PROBLEM STATEMENT: Transcribe the whole listing below. Pictures do not go in the copy.

THE INPUT:
>>>
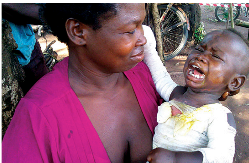
La atención médica pediátrica es una prioridad para MSF en esta región
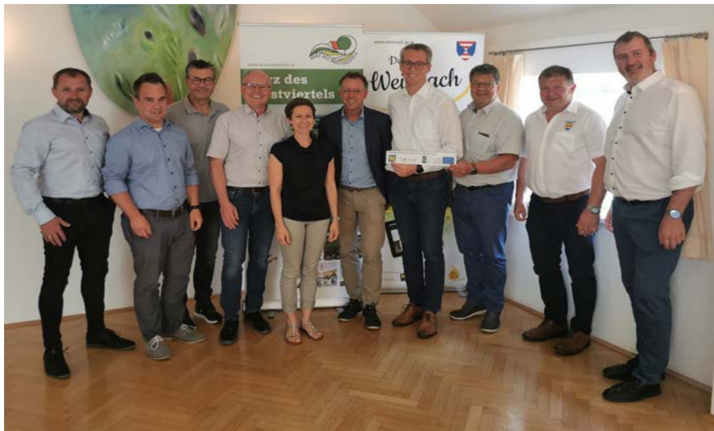
Foto: Kleinregionssitzung mit Schwerpunkt auf Rundwanderweg „Herz des Mostviertels“

Informationen zur NÖ Kleinregion Herz des Mostviertels: www.herzmostviertel.at
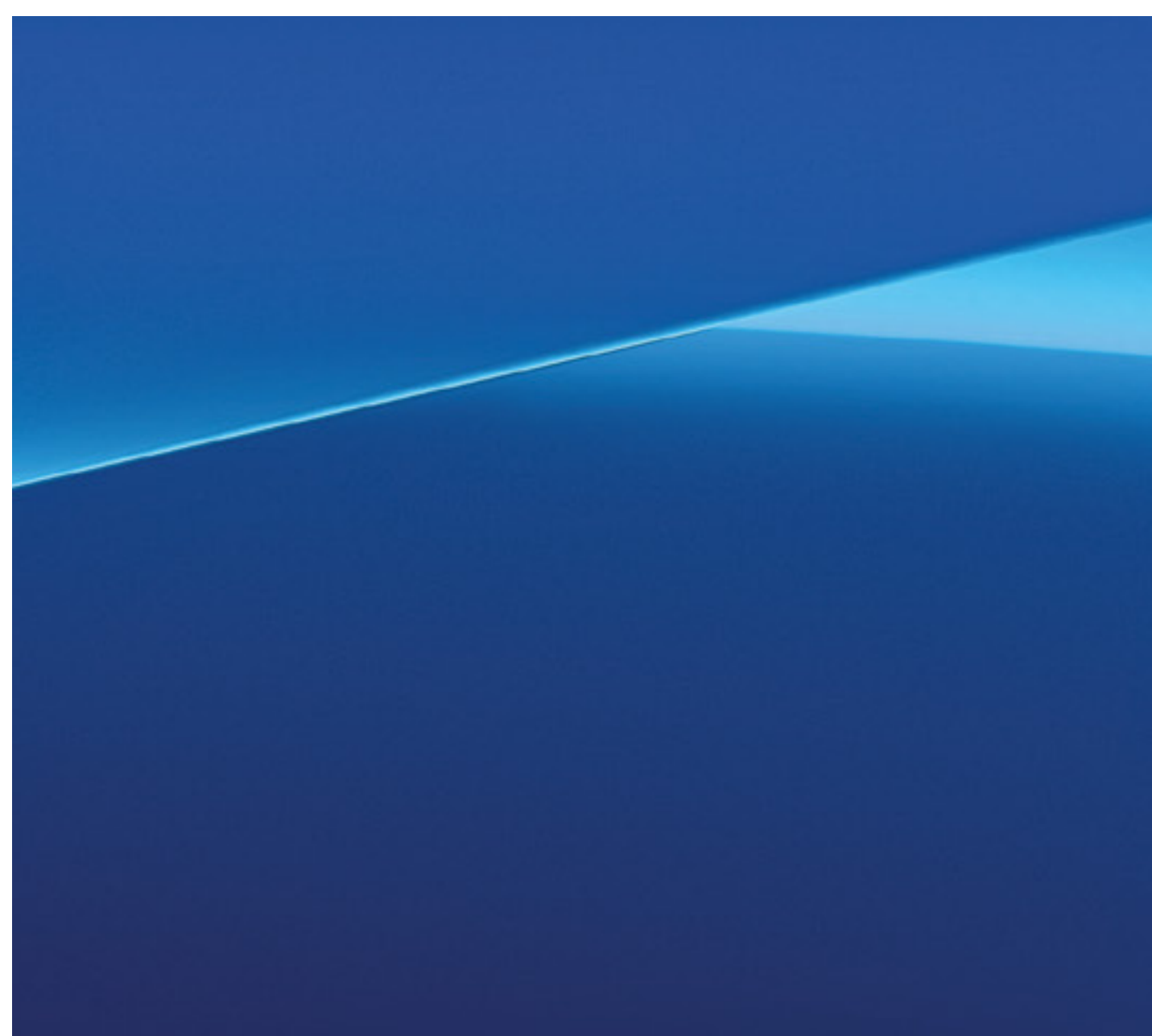
Bleu Alpine (option)
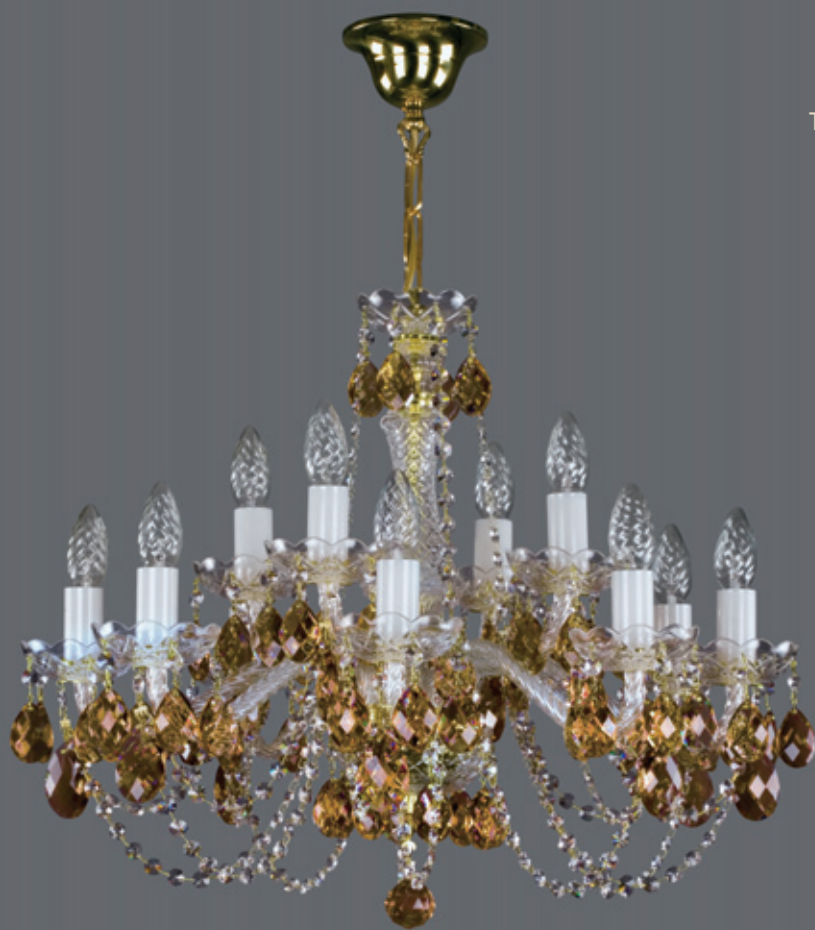
CARMEN colour 620x480 mm 12x40 W
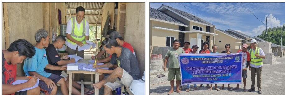
Gambar 2. Pelaksanaan Pelatihan dan Pendampingan

Setelah pelatihan, seluruh pekerja memahami bahwa sabuk pengaman wajib digunakan pada pekerjaan di ketinggian. Hal ini sesuai dengan PP No. 50 Tahun 2012 tentang Sistem Manajemen K3. Banyak pekerja tidak menyadari risiko bahan kimia dan kebocoran air. Setelah pendampingan, pemahaman meningkat signifikan meskipun masih ada 1 pekerja yang belum tepat menjawab. Hal ini menunjukkan perlunya simulasi tambahan pada pekerjaan MEP ( mechanical, electrical, plumbing ). Pekerja sudah cukup paham sejak awal, namun pelatihan memastikan 100 % pekerja memahami penggunaan masker, kacamata dan ear plug .
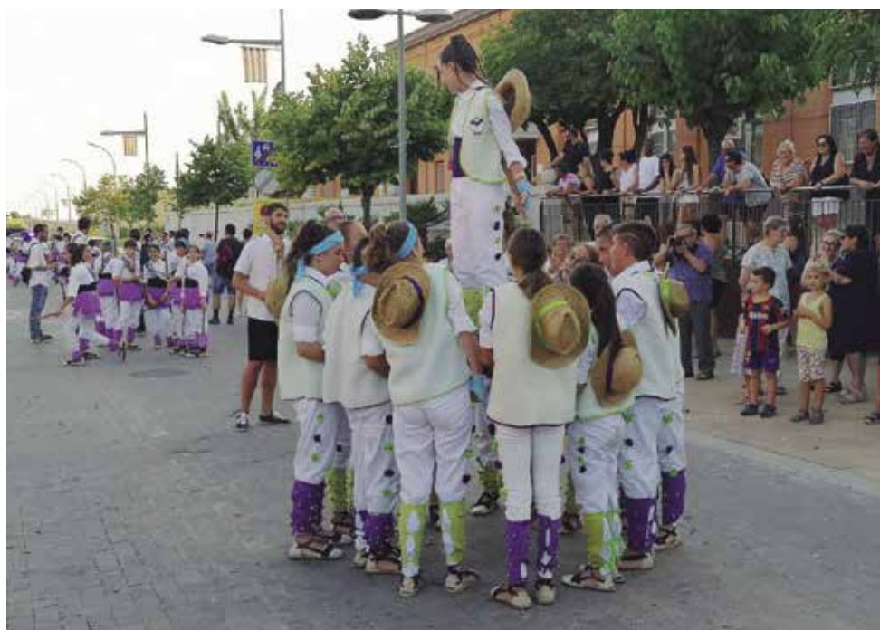
Els actes tradicionals i folklòrics van tornar a omplir els carrers i les places de Santa Margarida i els Monjos durant les festes majors

Pel que fa a la Festa Major de La Ràpita,
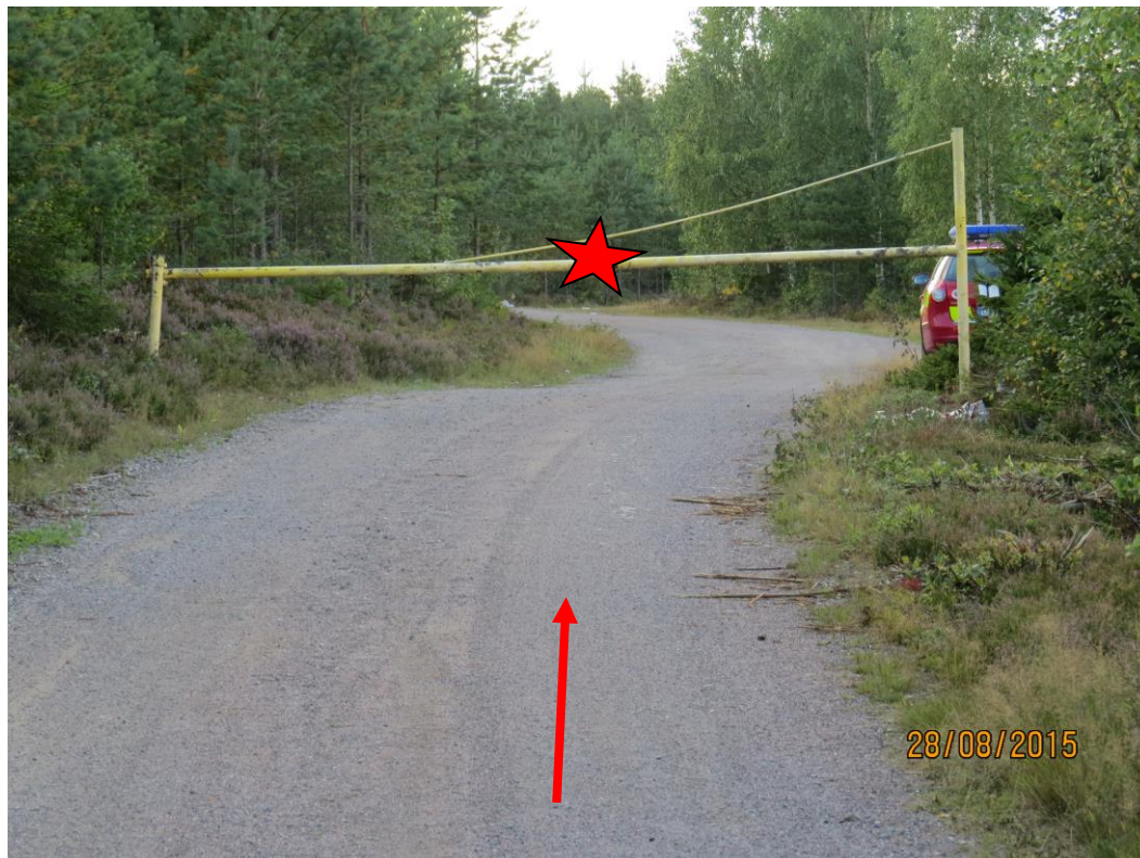
Bild 1: Den röda stjärnan anger olycksplatsen och pilen visar mc:ns färdriktning.

Vägen är en mindre skogsväg som är ca 4 meter bred med beläggning av grus, sand och småsten. Sikten fram till vägbommen är vid normala fall mycket god, den syns på över 100 meters håll (se bild 2)
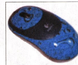
Dem spielerischen Design des Wassertransferdruckes sind keine Grenzen gesetzt.
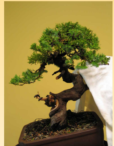
After / Après
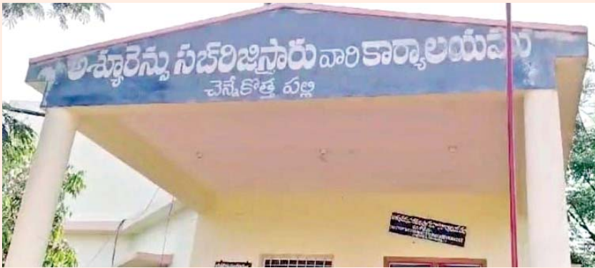
కావాలన్నా.. చివరికి నకలు పొందాలన్నా.. ఆ రెడ్లు

అనంతపురం మేజర్ న్యూస్ : పేరుకు మాత్రమే అది రాజకీయంగా రాష్ట్రంలోనే సున్నితమైన నియోజకవర్గం. ఇక్కడ నిత్యం వైసిపి.. టిడిపి నేతల మధ్య వర్గ చోరు జరుగుతుందన్నది పెద్ద ఎత్తున ప్రచారం. అప్పుడప్పుడు కొన్ని సంఘటనలు కూడా ఈ ప్రచారాన్ని రూడి చేస్తుంటాయి. అయితే ఎంతో సున్నితమైన నియోజకవర్గంగా చెప్పుకునే రాష్ట్రాదు నియోజకవర్గంలోని సికె పల్లి రిజిస్ట్రార్ కార్యాలయం మాత్రం ఇందుకు అతీతంగా ఉంది. సహజంగా ఏ ప్రభుత్వం అధికారంలోకి వస్తే ఆ పార్టీ నేతల మాటకు బలం పెరుగుతుంది. అయితే కూటమి ప్రభుత్వం లో కూడా వైసిపి వాసనలే అన్న ఆరోపణలకు నిలువెత్తు సాక్ష్యంగా నిలుస్తోంది ఈ కార్యాలయం.
<<<
WRITTEN REPLY:
La atención médica pediátrica es una prioridad para MSF en esta región
Foto: Kleinregionssitzung mit Schwerpunkt auf Rundwanderweg „Herz des Mostviertels“

Informationen zur NÖ Kleinregion Herz des Mostviertels: www.herzmostviertel.at
Bleu Alpine (option)
CARMEN colour 620x480 mm 12x40 W
Gambar 2. Pelaksanaan Pelatihan dan Pendampingan

Setelah pelatihan, seluruh pekerja memahami bahwa sabuk pengaman wajib digunakan pada pekerjaan di ketinggian. Hal ini sesuai dengan PP No. 50 Tahun 2012 tentang Sistem Manajemen K3. Banyak pekerja tidak menyadari risiko bahan kimia dan kebocoran air. Setelah pendampingan, pemahaman meningkat signifikan meskipun masih ada 1 pekerja yang belum tepat menjawab. Hal ini menunjukkan perlunya simulasi tambahan pada pekerjaan MEP ( mechanical, electrical, plumbing ). Pekerja sudah cukup paham sejak awal, namun pelatihan memastikan 100 % pekerja memahami penggunaan masker, kacamata dan ear plug .
Els actes tradicionals i folklòrics van tornar a omplir els carrers i les places de Santa Margarida i els Monjos durant les festes majors

Pel que fa a la Festa Major de La Ràpita,
Bild 1: Den röda stjärnan anger olycksplatsen och pilen visar mc:ns färdriktning.

Vägen är en mindre skogsväg som är ca 4 meter bred med beläggning av grus, sand och småsten. Sikten fram till vägbommen är vid normala fall mycket god, den syns på över 100 meters håll (se bild 2)
Dem spielerischen Design des Wassertransferdruckes sind keine Grenzen gesetzt.
After / Après
కావాలన్నా.. చివరికి నకలు పొందాలన్నా.. ఆ రెడ్లు

అనంతపురం మేజర్ న్యూస్ : పేరుకు మాత్రమే అది రాజకీయంగా రాష్ట్రంలోనే సున్నితమైన నియోజకవర్గం. ఇక్కడ నిత్యం వైసిపి.. టిడిపి నేతల మధ్య వర్గ చోరు జరుగుతుందన్నది పెద్ద ఎత్తున ప్రచారం. అప్పుడప్పుడు కొన్ని సంఘటనలు కూడా ఈ ప్రచారాన్ని రూడి చేస్తుంటాయి. అయితే ఎంతో సున్నితమైన నియోజకవర్గంగా చెప్పుకునే రాష్ట్రాదు నియోజకవర్గంలోని సికె పల్లి రిజిస్ట్రార్ కార్యాలయం మాత్రం ఇందుకు అతీతంగా ఉంది. సహజంగా ఏ ప్రభుత్వం అధికారంలోకి వస్తే ఆ పార్టీ నేతల మాటకు బలం పెరుగుతుంది. అయితే కూటమి ప్రభుత్వం లో కూడా వైసిపి వాసనలే అన్న ఆరోపణలకు నిలువెత్తు సాక్ష్యంగా నిలుస్తోంది ఈ కార్యాలయం.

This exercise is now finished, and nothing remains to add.